JC Brooks Covers His Favorite Female Songwriters
Chicago soul mainstay shows his appreciation for female songwriters with an all-lady cover set at City Winery
Chicago soul firestarter JC Brooks knows his way around a cover (
just listen to how he transformed Wilco’s “I Am Trying to Break Your Heart”). He’s also a great student of pop-music history. Tonight, during a stripped-down performance at
City Winery (1200 W. Randolph St.), he’ll bring those two talents in honor of music’s foremost female songwriters. With the help of accompanist Jeremy Tromburg, Brooks will add his electric voice to classic songs by ladies ranging from Carole King to Janelle Monáe.

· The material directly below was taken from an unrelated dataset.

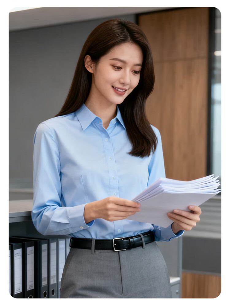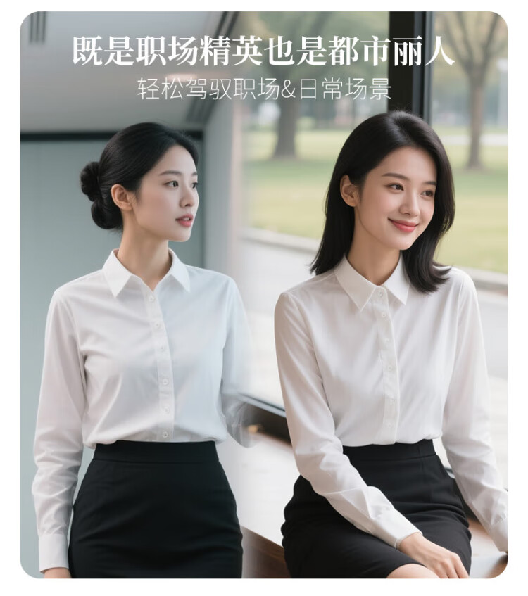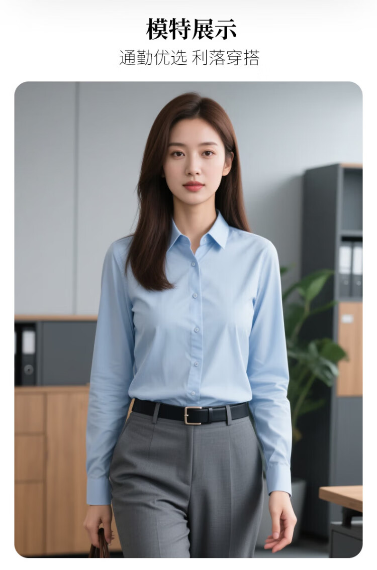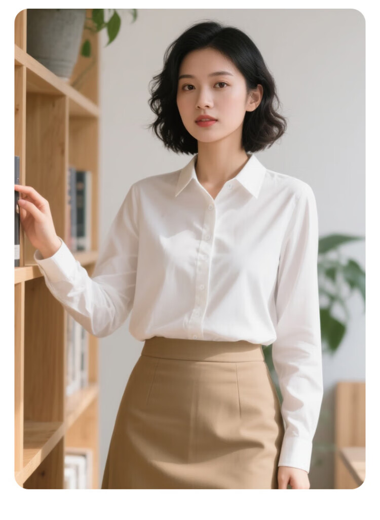 HANMANKE white shirt for women, simple long-sleeved single top, daily casual, no-iron women's clothing, commuting interview, professional formal shirt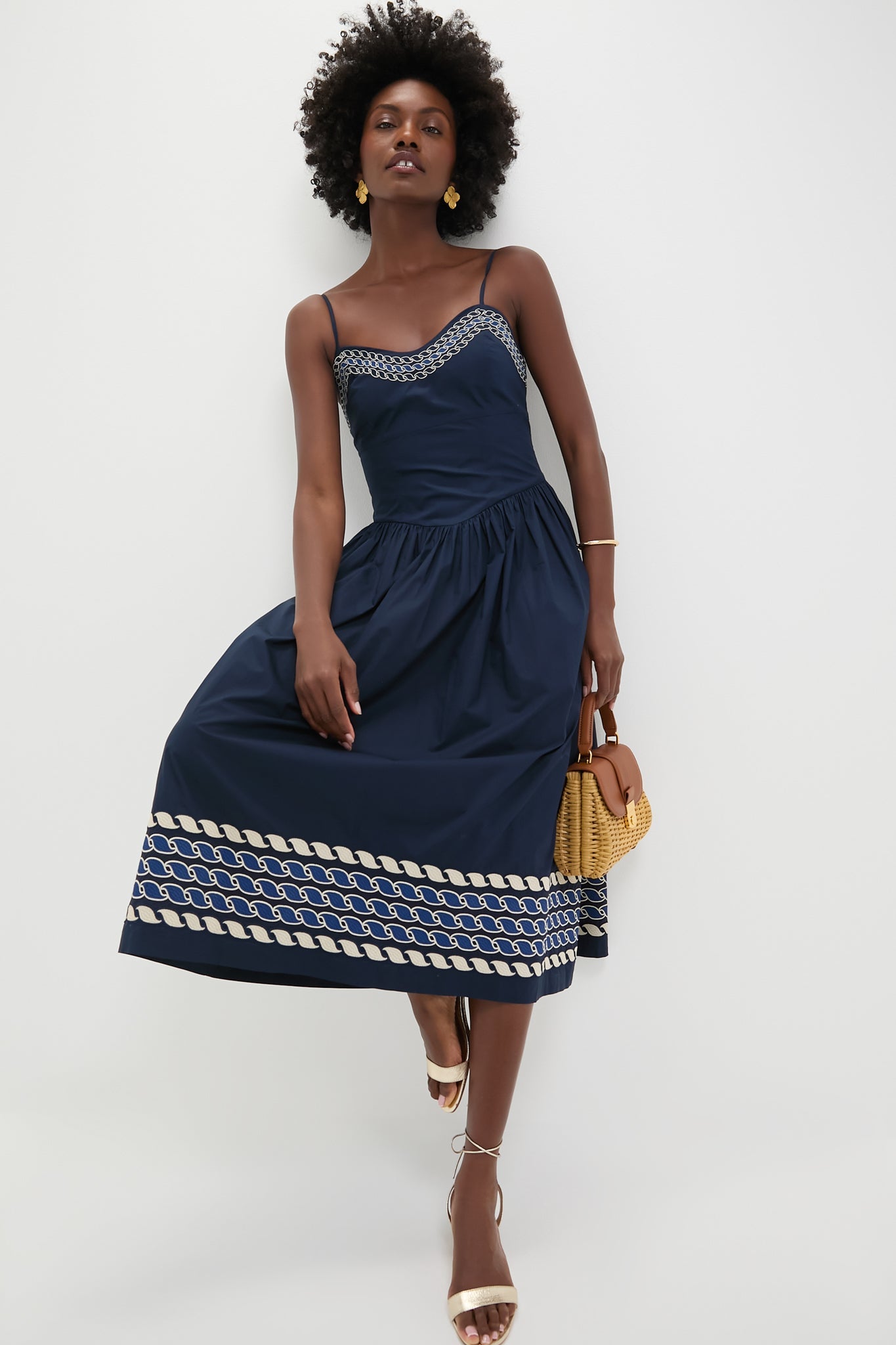 The Gabriella Dress is the perfect warm-weather event dress- boasting adjustable straps, a flattering fitted bodice, and embroidered detailing on the neckline and hem. Pair with neutral heels and gold accessories for cocktail parties and wedding events!

City Winery will also take the opportunity to show off some of its titular wares: for $25, you can pair the music with wine pours from the venue’s extensive cellars.
(8 p.m., doors open at 6 p.m.; $10 for music only, $25 for wine pairing; buy tickets here)
LitMash
Competitors from comedy, storytelling, slam poetry, and more compete for cash and honors in this cross-genre lit battle
Poetry slams. Story slams. Two cousins of competition that have, until now, remained confined to their respective corners. That all changes with LitMash, the cross-genre literary throwdown overseen by Chicago Slam Works (the organization of poetry-slam inventor Marc Kelly Smith). During their monthly donnybrook at
Haymarket Pub & Brewery (737 W. Randolph St.), six competitors drawn from the ranks of storytelling, spoken word, comedy, essay writing, and more compete for audience hearts and minds (and generous cash prizes). This month’s slate of competitors includes poet
Dan Sully, performer
Melissa DuPrey, and comedian
Adrienne Gunn.
(8 p.m., doors open at 7:30; $8)
“The Barber of Seville”
Figaro! Figaro! Rossini’s comic masterpiece gets an energetic new production from the Lyric Opera
Like
Jerry Seinfeld, we learned everything we know about opera from
Bugs Bunny. Thankfully, this is the one time that information is actually pertinent. Kidding aside, there’s a reason that Chuck Jones chose to parody
The Barber of Seville in his 1950 classic “Rabbit of Seville”: it’s one of the most iconic comic pieces in opera history. Rossini’s rollicking love story has all the makings of a laugh riot—mistaken identity, crisscrossed correspondence, and one particularly clever barber pulling all the strings. It’s another exquisite escape from the
Lyric Opera, thanks in no small part to the Broadway-proven sensibilities of Tony-winning director Rob Ashford. If you don’t leave the
Civic Opera House (20 N. Upper Wacker Dr.) shouting “Figaro!” into the night, we just can’t help you anymore.